> [DATASET CONTENT]
+-------+

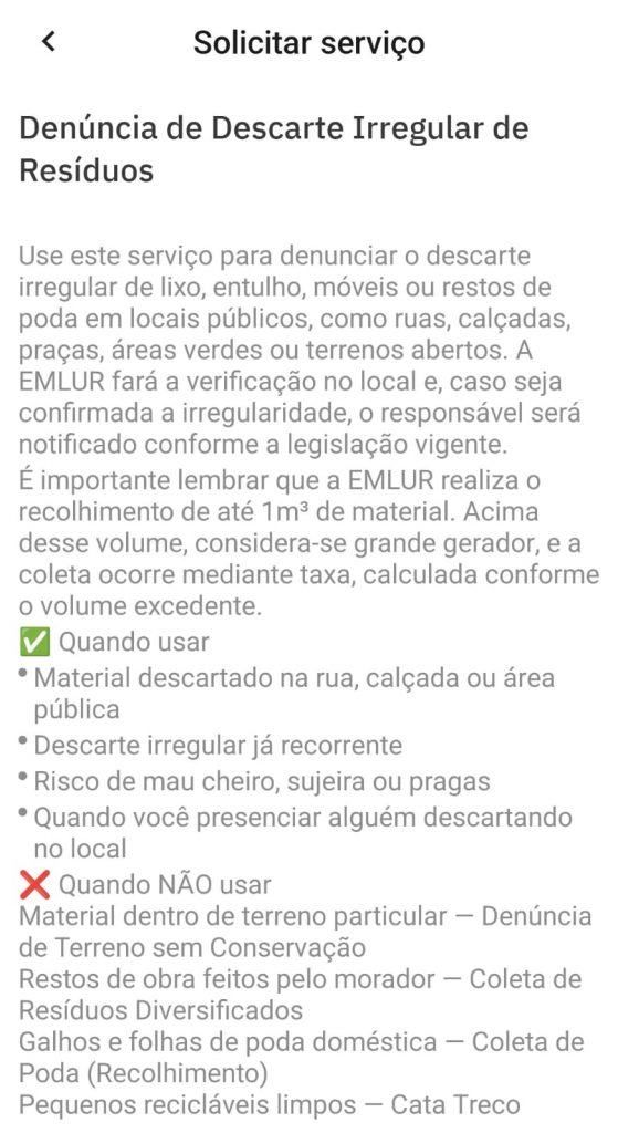 Pelo aplicativo, o cidadão pode informar pontos de descarte irregular de lixo, entulho, móveis inservíveis e restos de poda deixados em vias públicas, calçadas, praças, áreas verdes ou terrenos abertos. A denúncia pode ser feita de forma rápida, com o envio de foto, localização e informações para contato.
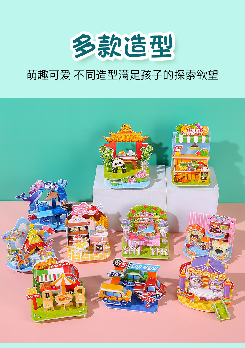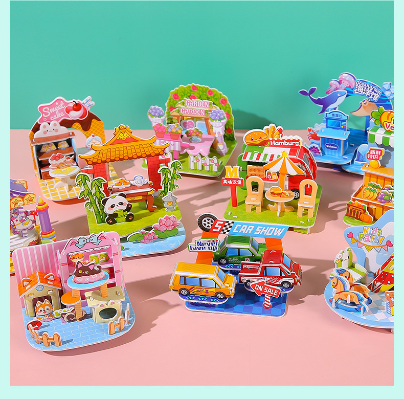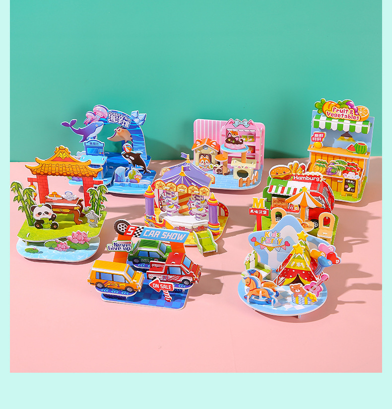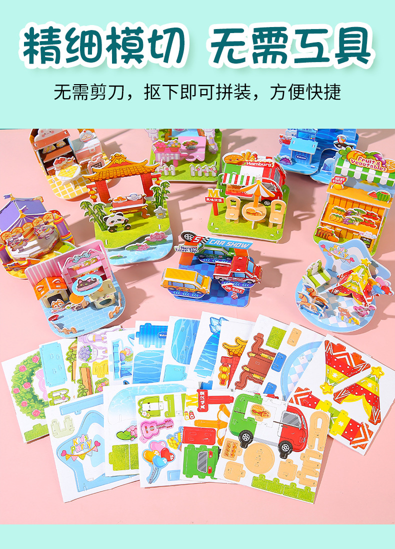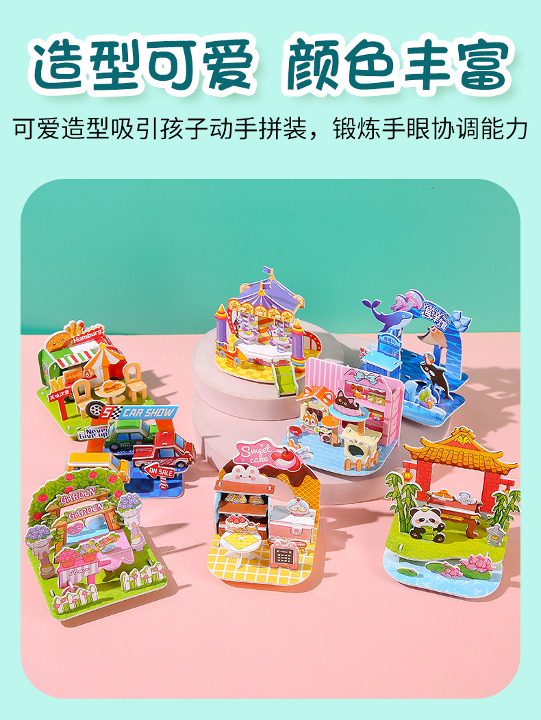 3D立体拼图卡学生DIY手工建筑屋益智拼图儿童3-6岁早教摆地摊玩具
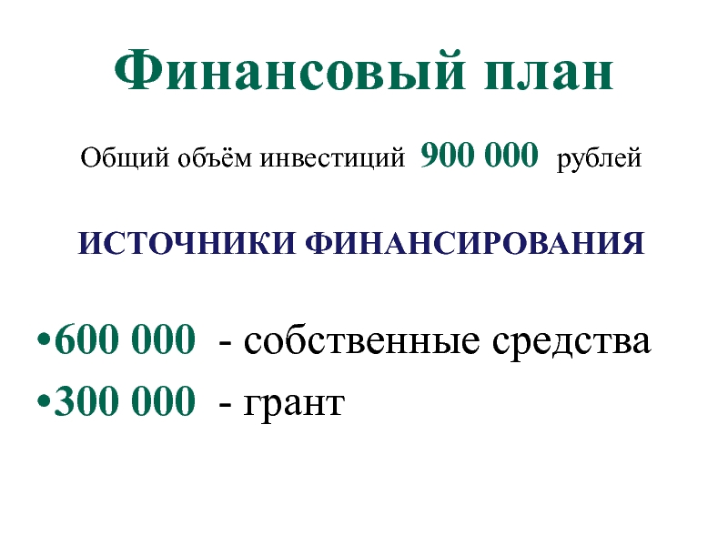 Финансовый планОбщий объём инвестиций 900 000 рублейИСТОЧНИКИ ФИНАНСИРОВАНИЯ600 000 - собственные средства300 000 - грант
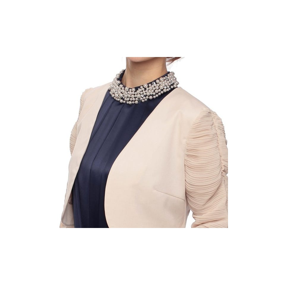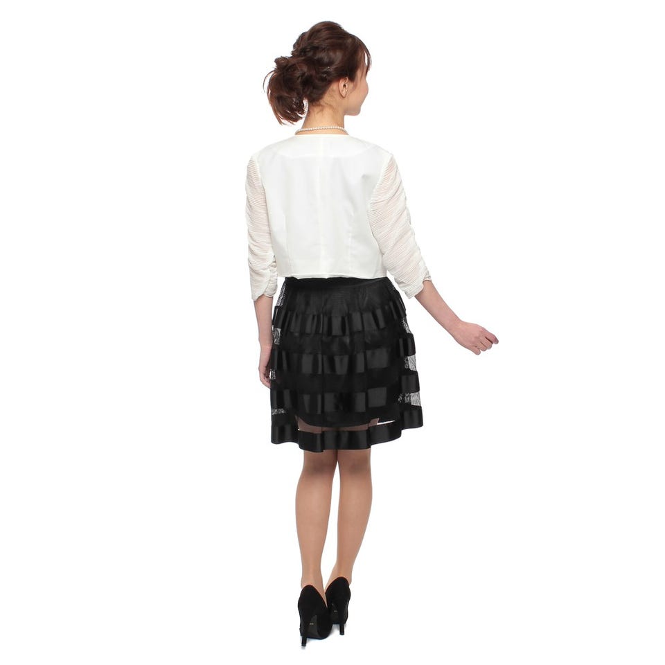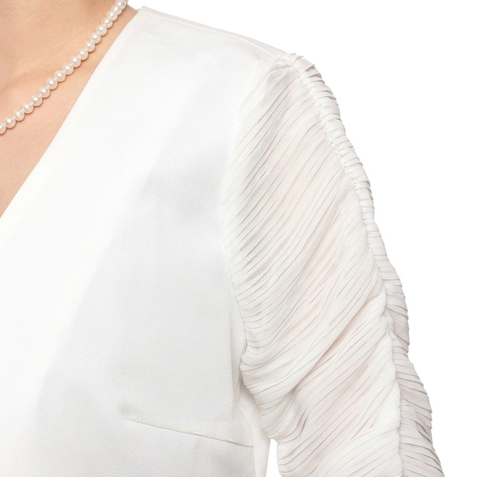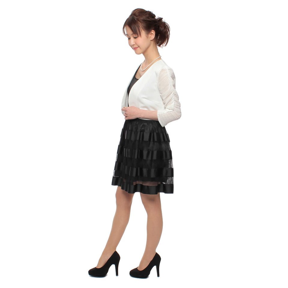 プリーツの入ったシフォンの袖が特徴的なショート丈ボレロです。フロントにダーツを入れてすっきりとしたシルエットを実現。シンプルなドレスを合わせてバランス感のあるコーディネートを楽しむのがおすすめ。

+-------+

> [TASK TO CARRY OUT]
Write out each line of the data above exactly, starting at the top and finishing with the line containing "3D立体拼图卡学生DIY手工建筑屋益智拼图儿童3-6岁早教摆地摊玩具"; omit the pictures.

> [TASK ANSWER]
 Pelo aplicativo, o cidadão pode informar pontos de descarte irregular de lixo, entulho, móveis inservíveis e restos de poda deixados em vias públicas, calçadas, praças, áreas verdes ou terrenos abertos. A denúncia pode ser feita de forma rápida, com o envio de foto, localização e informações para contato.
 3D立体拼图卡学生DIY手工建筑屋益智拼图儿童3-6岁早教摆地摊玩具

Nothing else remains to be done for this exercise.